● **PROMPT**: Exact copy, no pictures: reproduce the lines from the one that holds "ダッカでの待ち時間が16h5" through the end of the entries.

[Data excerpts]
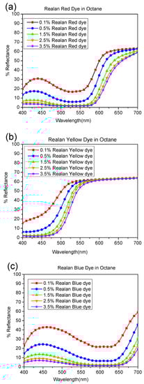 Percentage of reflectance value vs. wavelength (nm) of wool fibers dyed by (a) Realan Reactive Red, (b) Realan Reactive Blue, and (c) Realan Reactive Yellow in octane.
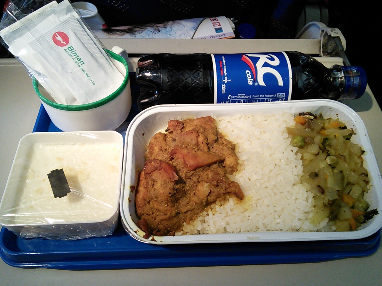 ダッカでの待ち時間が16h5mでしたがカトマンズで預けた荷物はバンコクまで行くとのこと。したがってバングラデシュには入国せずにトランジットエリアで一晩過ごしました。もちろんホテルは付いていませんでしたが夕食、朝食が付いていて空港内のレストランで無料で食事ができました。
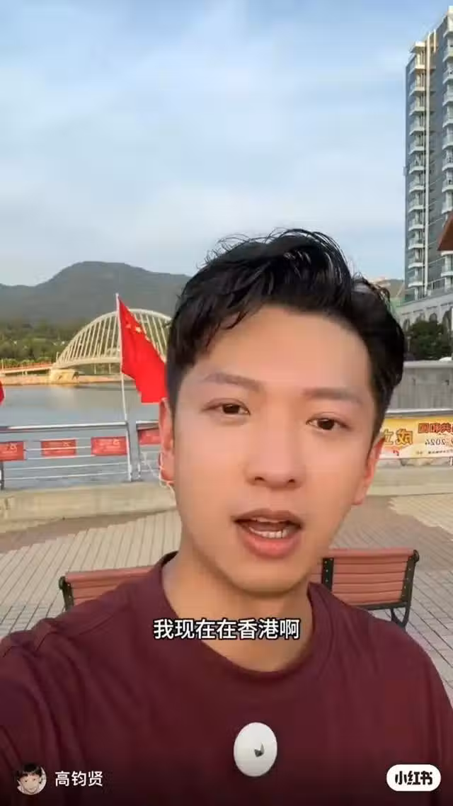從高鈞賢分享的視頻中可以看到,他們一家三口穿著紅色的服裝,非常應節。在視頻中,高鈞賢還未開口介紹完他與父母的計劃,高爸爸就對著鏡頭幽默地打招呼說:「Hello,慶祝國慶75周年。」
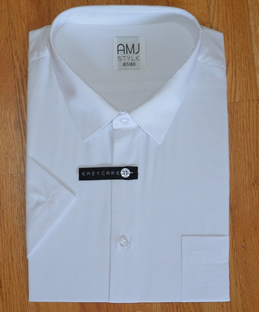 Košile s krátkým rukávem od značky AMJ v bílé barvě barvě s jemnými vzorem. Zapínání na světlé knoflíky. Na levé straně hrudi je kapsička. Má klasický rovný střih. Ušita z příjemného materiálu z 60 % bavlny a 40 % polyesteru.
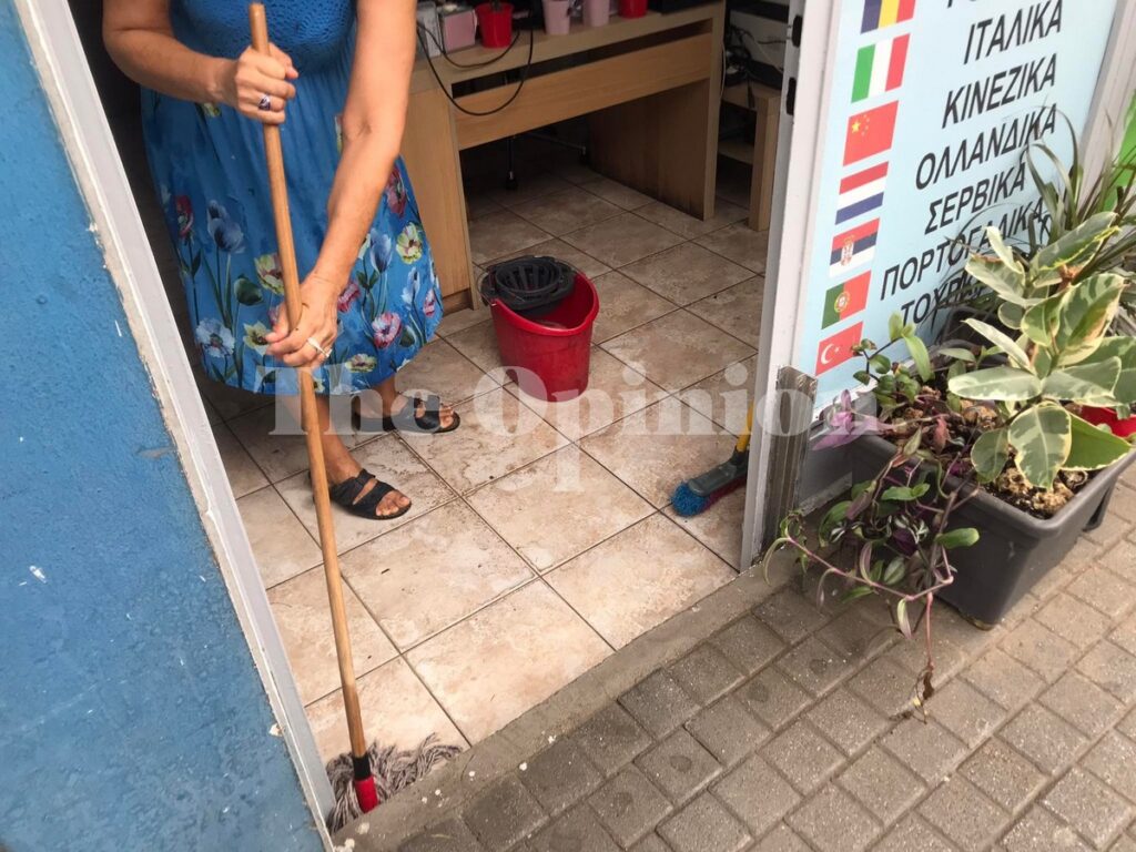 Στην οδό Σαπφούς, στην ίδια περιοχή οι εικόνες που καταγράφει ο φακός του TheOpinion είναι απελπιστικές. Ιδιοκτήτες καταστημάτων που πλημμύρισαν διώχνουν τα νερά με όποιο τρόπο μπορούν για να σώσουν ότι σώζεται.
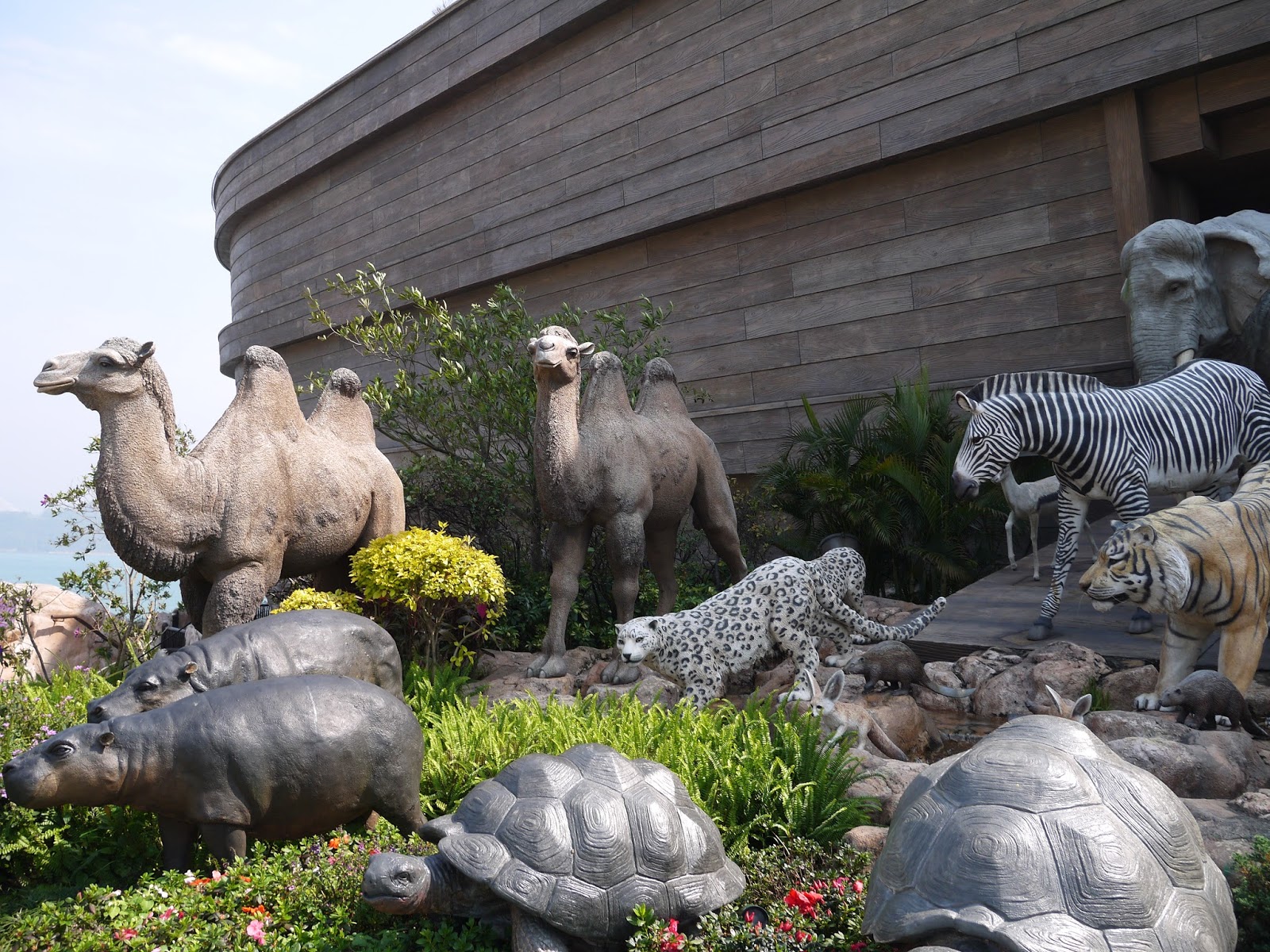 簡單參觀完探索館後,我們到方舟旁的花園,這裡有67隊的動物雕像
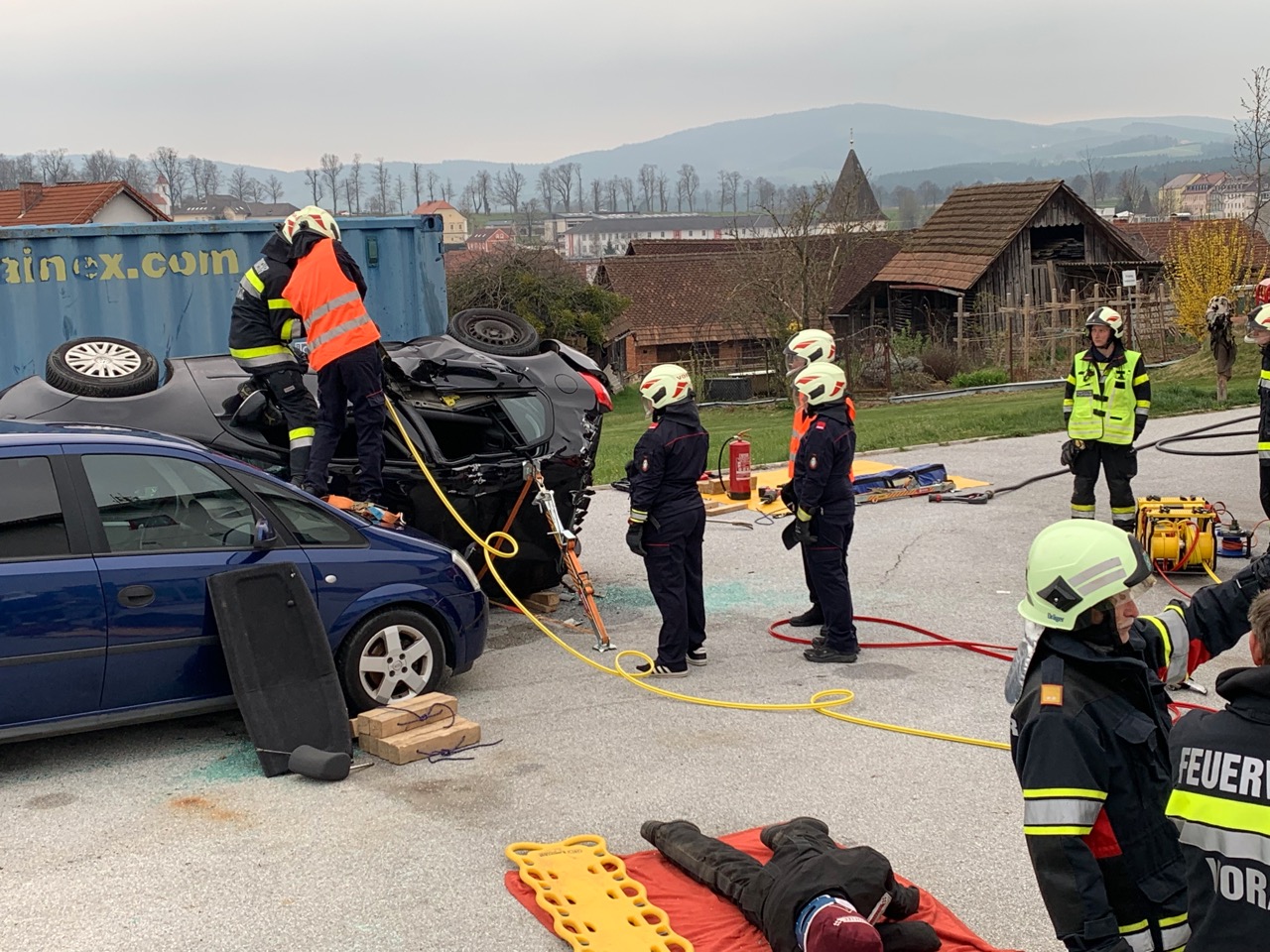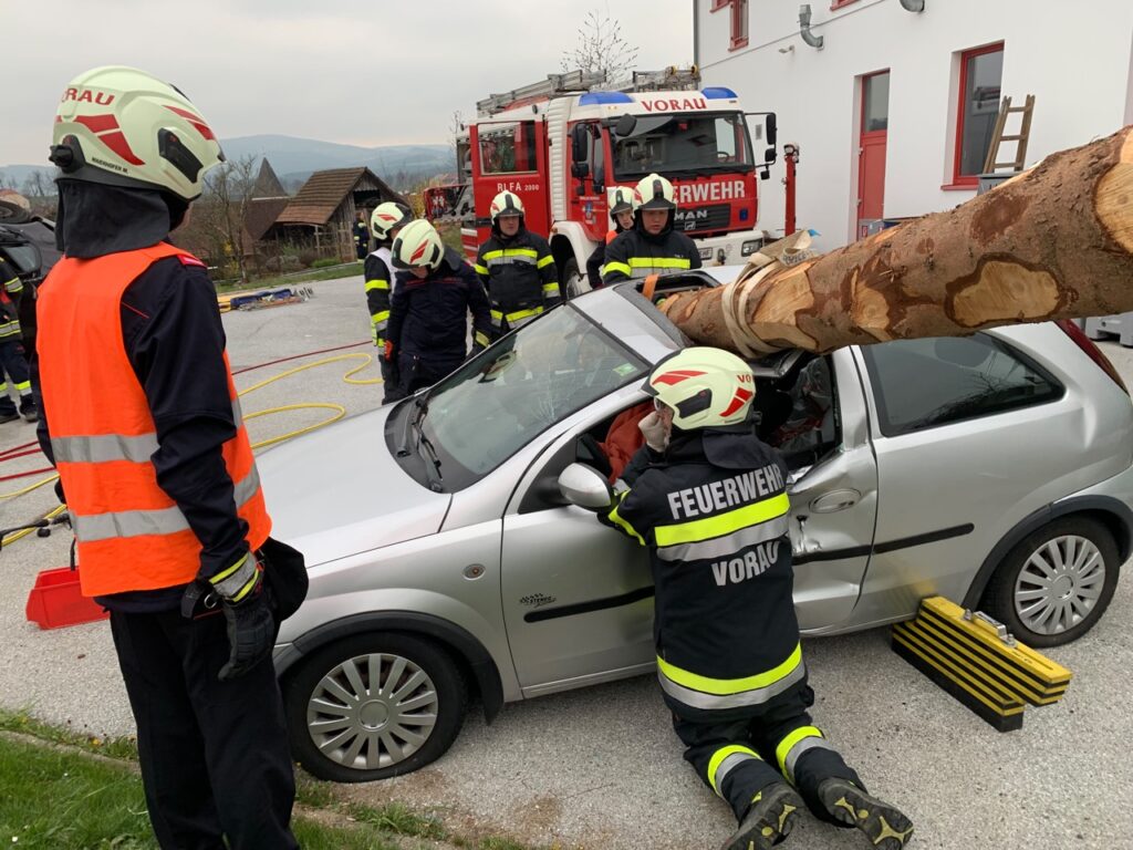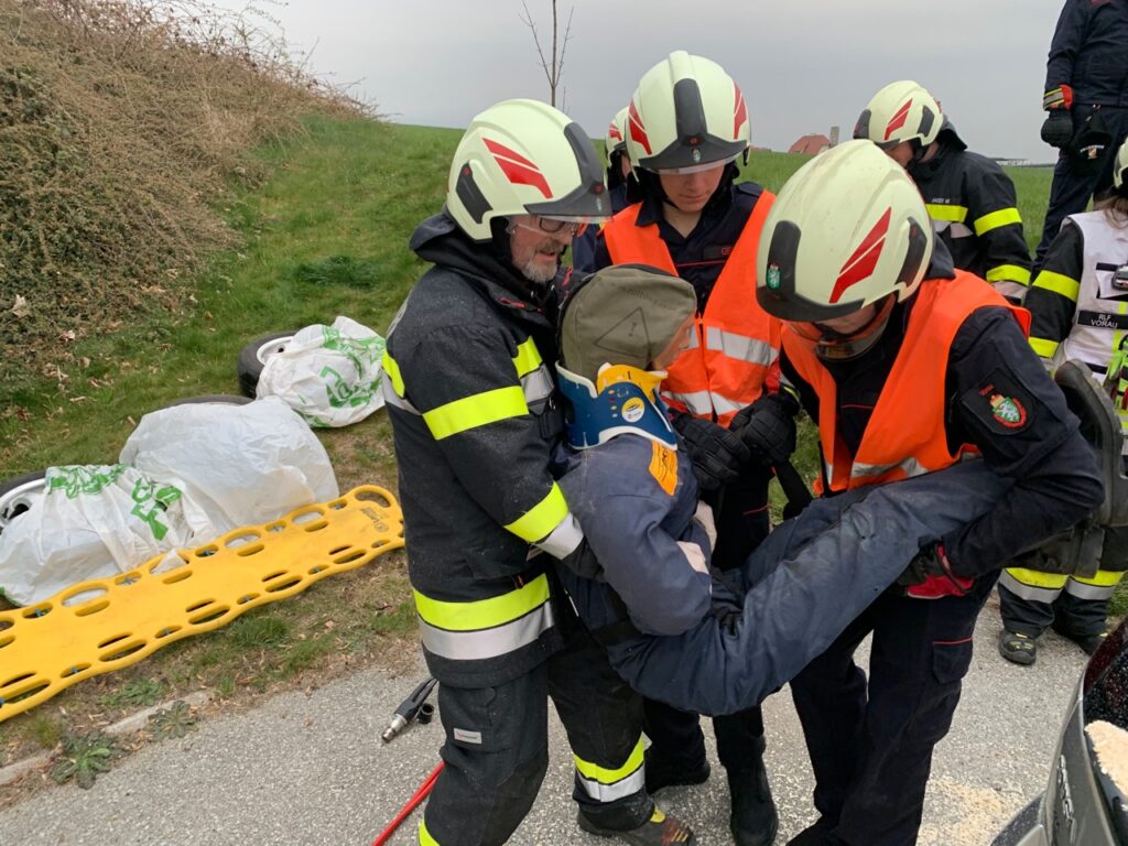 Hier musste eine verletzte Person mittels hydraulischem Rettungsgerät aus einem auf der Seite liegenden und schwer zugänglichen PKW gerettet werden. Der Zugang zum Verletzten erfolgte hier über die Heckklappe. Die Person wurde schließlich per Spineboard gerettet.

● **RESPONSE**:
 ダッカでの待ち時間が16h5mでしたがカトマンズで預けた荷物はバンコクまで行くとのこと。したがってバングラデシュには入国せずにトランジットエリアで一晩過ごしました。もちろんホテルは付いていませんでしたが夕食、朝食が付いていて空港内のレストランで無料で食事ができました。
從高鈞賢分享的視頻中可以看到,他們一家三口穿著紅色的服裝,非常應節。在視頻中,高鈞賢還未開口介紹完他與父母的計劃,高爸爸就對著鏡頭幽默地打招呼說:「Hello,慶祝國慶75周年。」
 Košile s krátkým rukávem od značky AMJ v bílé barvě barvě s jemnými vzorem. Zapínání na světlé knoflíky. Na levé straně hrudi je kapsička. Má klasický rovný střih. Ušita z příjemného materiálu z 60 % bavlny a 40 % polyesteru.
 Στην οδό Σαπφούς, στην ίδια περιοχή οι εικόνες που καταγράφει ο φακός του TheOpinion είναι απελπιστικές. Ιδιοκτήτες καταστημάτων που πλημμύρισαν διώχνουν τα νερά με όποιο τρόπο μπορούν για να σώσουν ότι σώζεται.
 簡單參觀完探索館後,我們到方舟旁的花園,這裡有67隊的動物雕像
 Hier musste eine verletzte Person mittels hydraulischem Rettungsgerät aus einem auf der Seite liegenden und schwer zugänglichen PKW gerettet werden. Der Zugang zum Verletzten erfolgte hier über die Heckklappe. Die Person wurde schließlich per Spineboard gerettet.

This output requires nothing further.